» Problem description: From the line with "One 1859 $10" through the last line of the records below, both ends included, transcribe only those lines, exactly, and omit the pictures.

» Material provided:
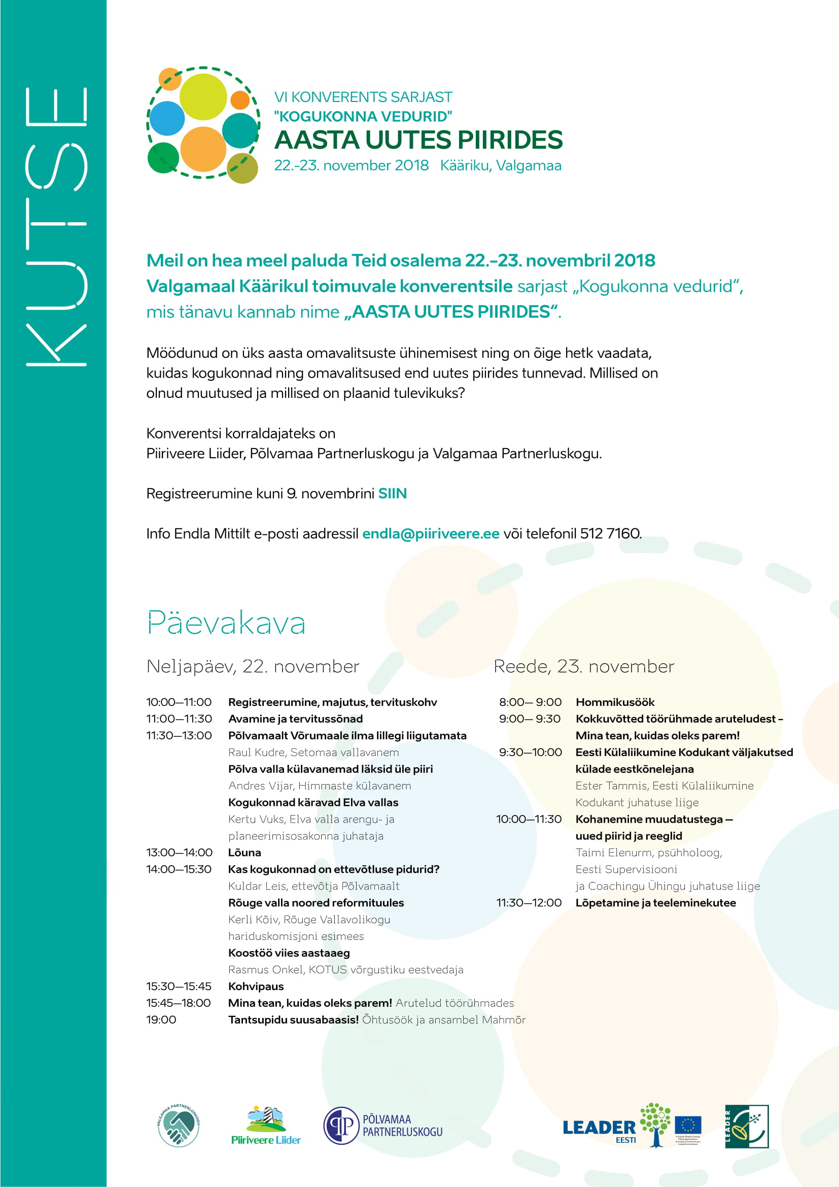 Konverentsi korraldajateks on Piiriveere Liider, Põlvamaa Partnerluskogu ja Valgamaa Partnerluskogu.
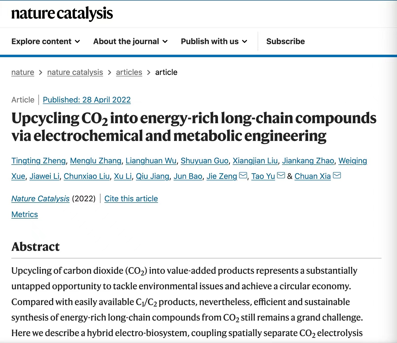 4月28日,中国科学技术大学曾杰课题组与电子科技大学材料与能源学院的夏川课题组、中国科学院深圳先进技术研究院合成生物学研究所于涛课题组合作,在Nature Catalysis发表了题为“Upcycling CO2into energy-rich long-chain products via electrochemical and metabolic engineering”的文章。该工作首先通过电催化将二氧化碳和水合成高纯乙酸,再以乙酸及乙酸盐为碳源经生物发酵合成葡萄糖和脂肪酸等长碳链分子。在该研究中,曾杰为共同通讯作者。
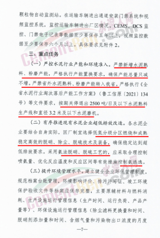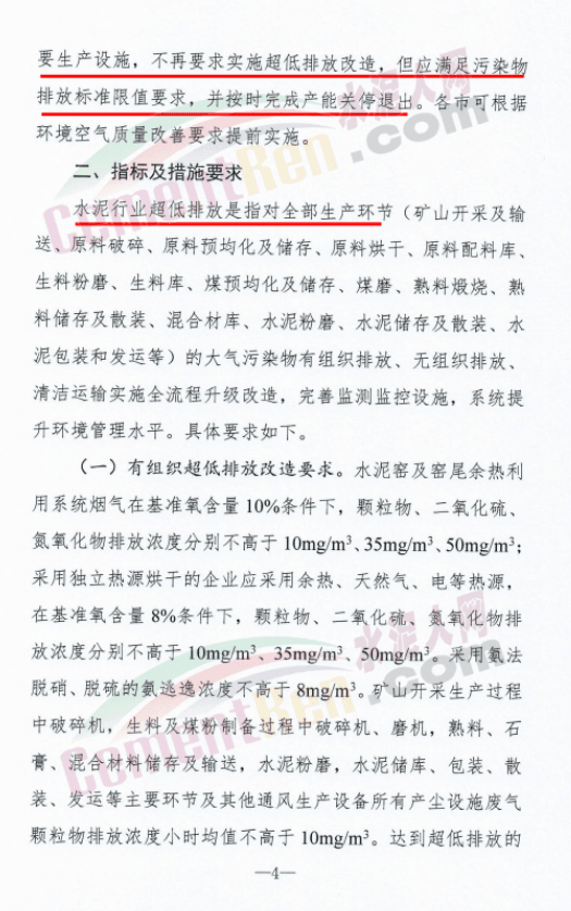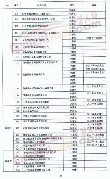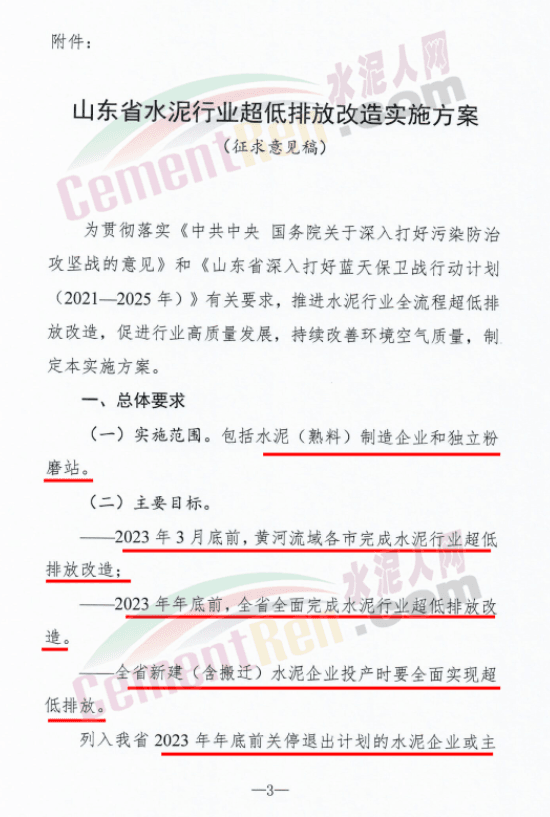 山东全省新建(含搬迁)水泥企业投产时要全面实现超低排放。列入山东省2023年年底前关停退出计划的水泥企业或主要生产设施,不再要求实施超低排放改造,但应满足污染物排放标准限值要求,并按时完成产能关停退出。
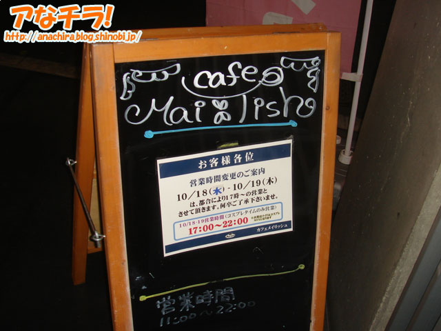 カフェメイリッシュの営業時間変更のお知らせPOP。10月18日(水)、19日(木)の期間は17時~22時までの営業となる。 同店は様々なイベントを行うことで有名。この後もイベント予定が目白押しなので、ここで一旦営業時間を短縮して体を休めているのかもしれない。 今後予定されているイベントは10月21日(土)に「アフロDay」、10月28日(土)~31日(火)に「ハロウィンDay」など。 □関連記事 (k)
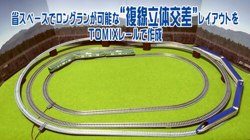 先輩方のレイアウトを参考にしようと、「卓上 お座敷レイアウト」をググって調べていたところ、複線間隔で高架を設けて一部分に特殊レールを挟み、交差させて単線でロングランを実現出来ると言う狭い我が家には夢のようなレイアウトをホビーセンターカトー東…
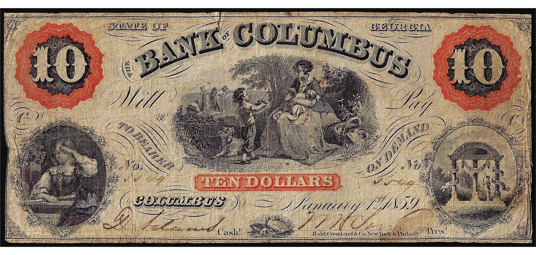 One 1859 $10 The Bank of Columbus Georgia Obsolete Note.
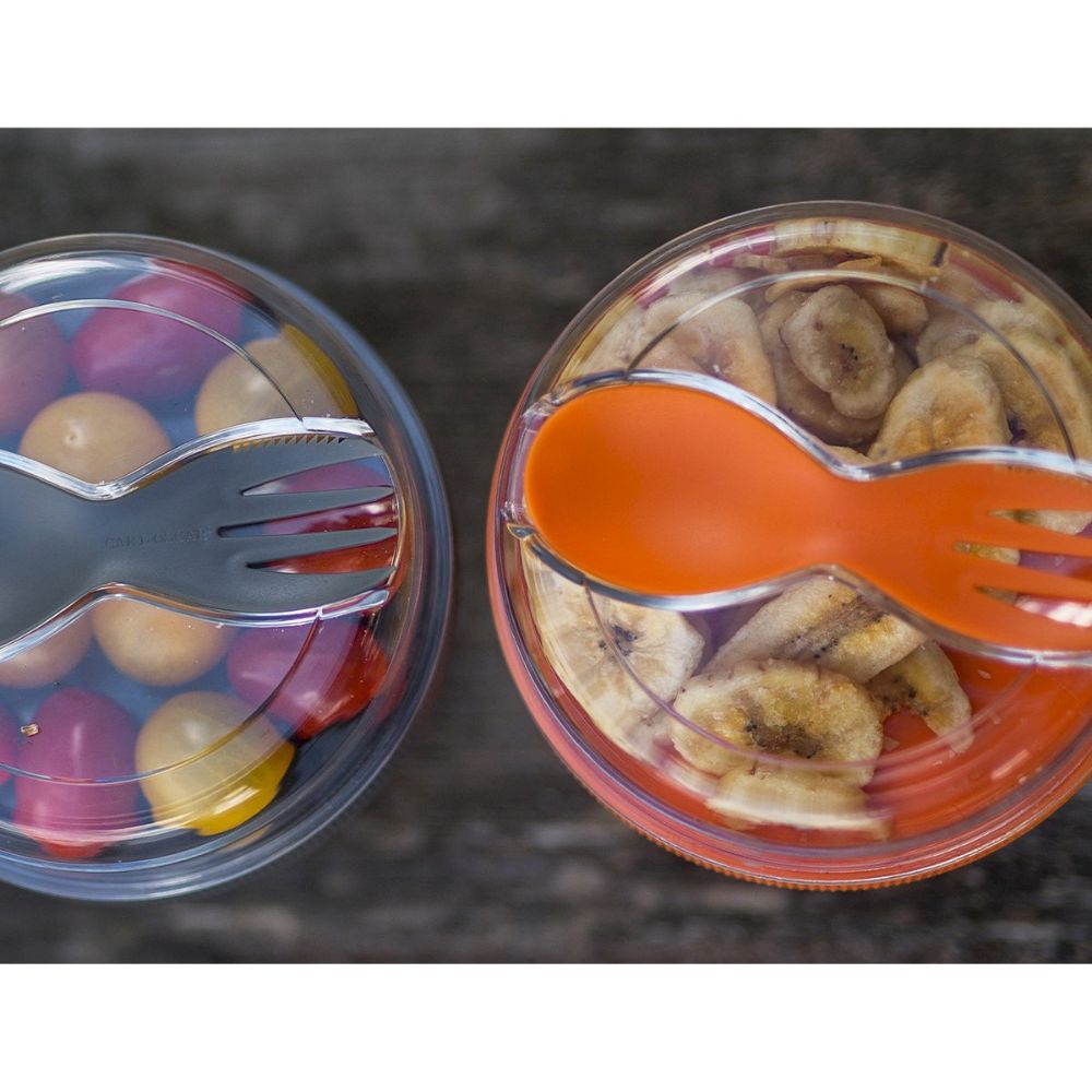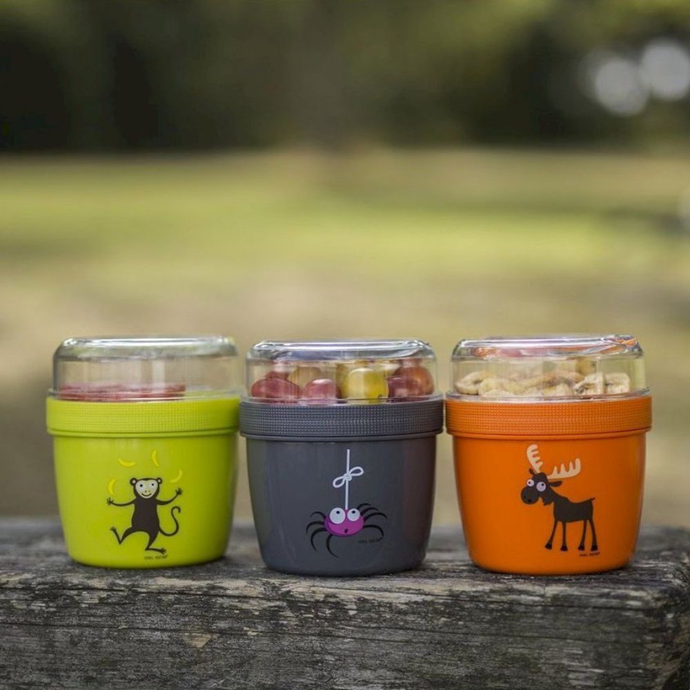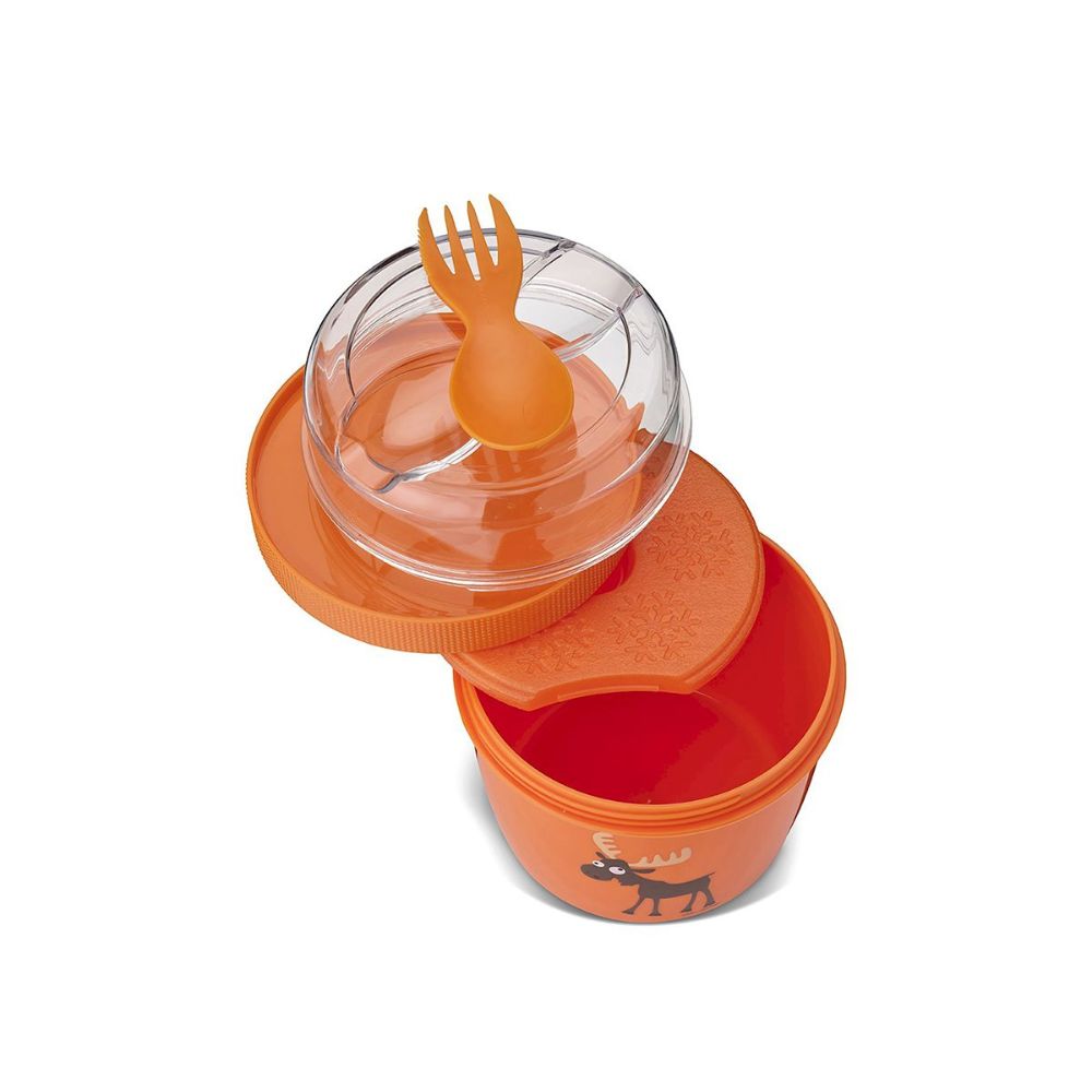 Cuenta con una capacidad pensada para meriendas o pequeñas comidas, siendo perfecta para frutas, cereales, frutos secos o postres. Disponible en color naranja.

» Finished task:
 One 1859 $10 The Bank of Columbus Georgia Obsolete Note.
 Cuenta con una capacidad pensada para meriendas o pequeñas comidas, siendo perfecta para frutas, cereales, frutos secos o postres. Disponible en color naranja.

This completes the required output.